Commentary Type

How to Pay for a Refugee Crisis

Jacob Funk Kirkegaard (PIIE) and Thomas Philippon (Stern School of Business, New York University)

Published by Bloomberg View


In the wake of the Paris attacks, Europe faces a twin crisis. It must confront terrorism and it has yet to come up with a common strategy to its immigration crisis, a fact that has encouraged the resurgence of xenophobic parties across Europe. With a tide of up to 1.5 million refugees this year, things may be about to get worse. The free mobility of people is a core value of Europe, but it will get lost if Europe cannot secure its external borders.

The costs of securing external borders, now an even greater priority, and integrating those migrants and refugees who are accepted, will far exceed what current budgets anticipate. Europe could spend €20 billion ($21.36 billion) annually to secure its borders, and between €10,000 and €20,000 per head to integrate newly arrived migrants. The EU annual budget is €140 billion, of which only €143 million is available for external Frontex border control , compared to $32 billion spent annually by the United States on the same tasks. Appropriating even a fraction of this amount from the existing EU budget would be an almost impossible task. Timely action requires finding other funding sources.

Ironically, the solution to Europe's immigration crisis is of the kind that Europe could not reach during the euro crisis: the issuing of security and mobility bonds.

Ironically, the solution to Europe's immigration crisis is of the kind that Europe could not reach during the euro crisis: the issuing of security and mobility bonds (SMBs). These bonds offer the kind of financial engineering, macroeconomic policy, and political economy Europe needs to mobilize collective resources and fund its immigration policy while preserving open internal borders.

The bonds would be partly repaid by the migrants themselves in the long run via higher labor supply, economic growth, and tax revenues. Making SMBs "revenue bonds"—that is, sovereign debt backed by the general tax proceeds of the member states—therefore makes sense. To reduce the fiscal costs for current residents, some migration visa fee income could be earmarked, as in the United States where the Citizenship and Immigration Services section of the Homeland Security department is almost entirely financed by user fees.

The macroeconomic case for the bonds is straightforward. Europe today borrows essentially at zero percent and could definitely use a fiscal stimulus of €40 billion going toward maintaining political stability and raising the continent's long-term economic growth rate.

Finally, and most importantly, the political economy of SMBs is fundamentally different from that of eurobonds in general, for three key reasons.

Historically, debt burdens are mutualized only when they are perceived as coming from shared goals and interests. Alexander Hamilton could mutualize the legacy debt of the war of independence in the United States because it was seen as the consequence of a common fight. For the same reason it has proven impossible to issue eurobonds after the EU crisis: Legacy debt from the crisis was perceived as the consequence of individual misbehavior. The crisis of the open borders project, on the other hand, is perceived as a joint responsibility and can only be solved at the European level.
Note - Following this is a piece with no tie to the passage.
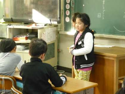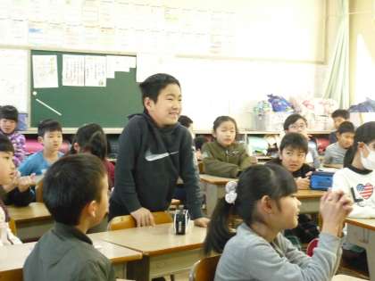 朝のスピーチタイムです。休みの日の楽しい話がありました。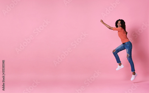 Joyful young african woman in orange shirt jumping and celebrating over pink banner background with copy space.

Second, risks from the migrant crisis are more widely shared than those of the financial crisis. Greece and Italy are frontier countries to the Syrian crisis, Germany is the main destination of migrants, and France and Spain have high exposures to Africa. There will be those who balk at the idea; particularly some of the eastern countries who have taken such a strong stand against further immigration. But a strengthened pan-European border is also in their interests and would provide other security benefits.

Third, elevated levels of migration into Europe are the new normal. In the United States, demographic pressures from neighboring countries are likely to decrease as the share of mobile young people declines in Latin America. In Europe's neighboring regions of the Middle East and Africa, the number of young people is still rising rapidly. Migration pressures will continue even if solutions were to be found to the Syrian and Libyan civil wars.

One should never let a serious crisis go to waste. Migration is a long-term problem that requires a long-term common response. Issuing SMBs could finance an ambitious solution and help counteract the threats to European unity.